FINISH of first time setup script - 2021年 09月 30日 星期四 14:54:32 CST

Exited with FAILED Full log located at - /opt/selks/log/selks-first-time-setup_stamus.log Press enter to continue

I think it is the removed index that I delete caused this problem.

pevma commented 2 years ago

What selks version are you using ? What is the output of selks-health-check_stamus (as requested earlier https://github.com/StamusNetworks/SELKS/issues/338#issuecomment-929002073 :) )

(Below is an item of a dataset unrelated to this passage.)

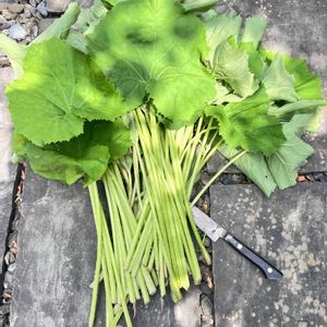 蕗 収穫~水煮~薄く味付け 苦んまーーーぃ ٩(๑°༥°๑)۶🕒 ⋆☽☁︎︎꙳夕飯 板付けと紅白エビちゃんのいるカレー屋さんへ 小さなコウモリラン販売してる レースプラントってのも気になるなぁ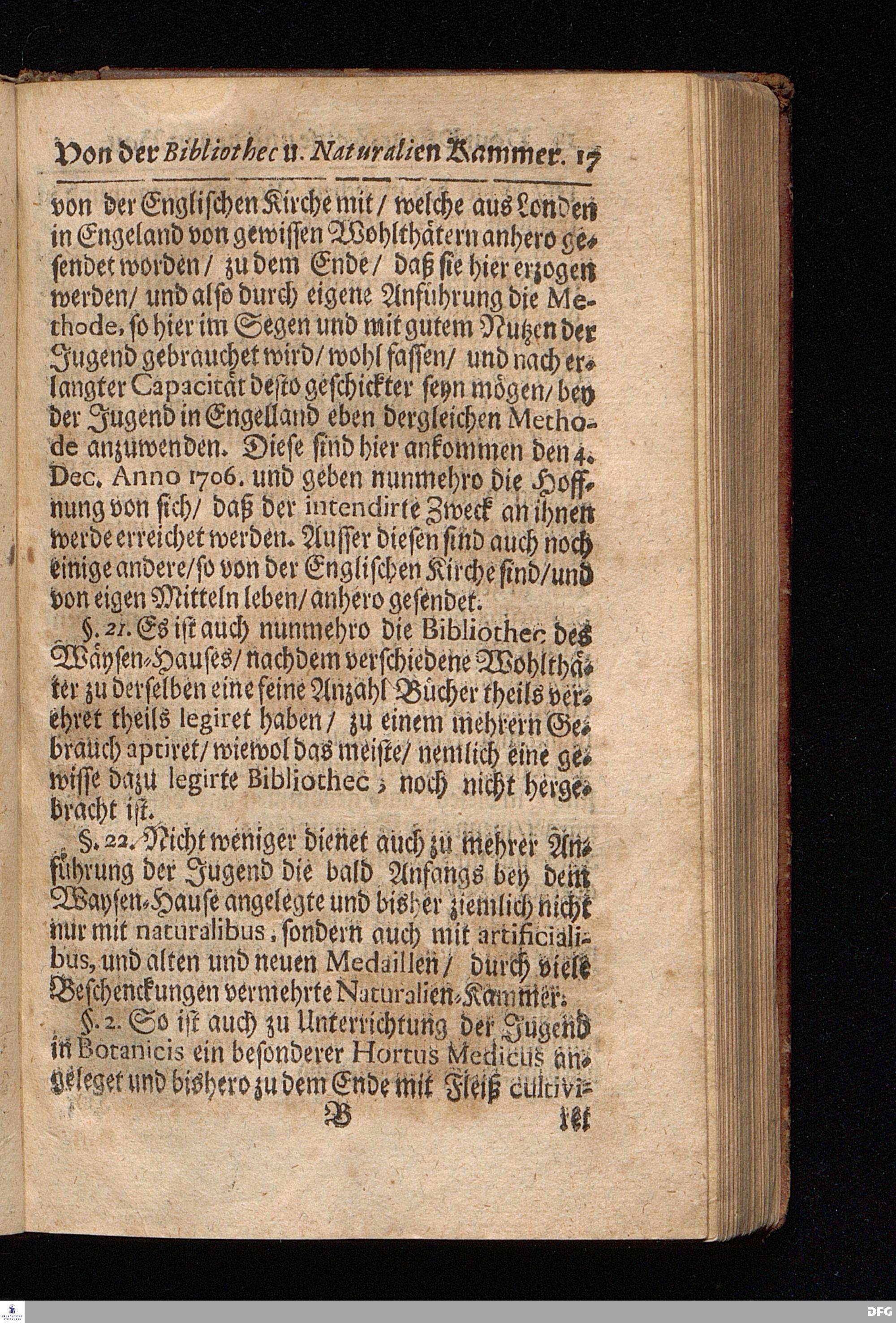 Kurtze und deutich[!] Nachricht / in welcher Verfassung Die zu Glaucha an Halle Beydes zur Erziehung der Jugend / und zur Aufnehmung / Auch nöthiger Verpflegung der Dürfftigen gemachte Anstalten Sich ietziger Zeit im Julio 1709. befinden / zu künfftiger VII.Fortsetzung vorläuffig ertheilet / von August Hermann Francken / S.Theol.Prof.und Past. HALLE / im Wäysen=Hause.

Linn1 commented 2 years ago

I use SELKS6.0 and it is fixed when I run "reboot now". But dele-old-log.sh still doesn't work. The output of running dele-old-log: root@selks:~# /opt/selks/delete-old-logs.sh 2021-10-08 10:26:57,502 INFO Instantiating client object 2021-10-08 10:26:57,503 INFO Testing client connectivity 2021-10-08 10:26:57,508 INFO Successfully created Elasticsearch client object with provided settings 2021-10-08 10:28:57,532 CRITICAL Failed to complete action: delete_indices. <class 'curator.exceptions.FailedExecution'>: Failed to get indices. Error: TransportError(503, 'master_not_discovered_exception', None)

The space is 100% used. What can I delete to free some space?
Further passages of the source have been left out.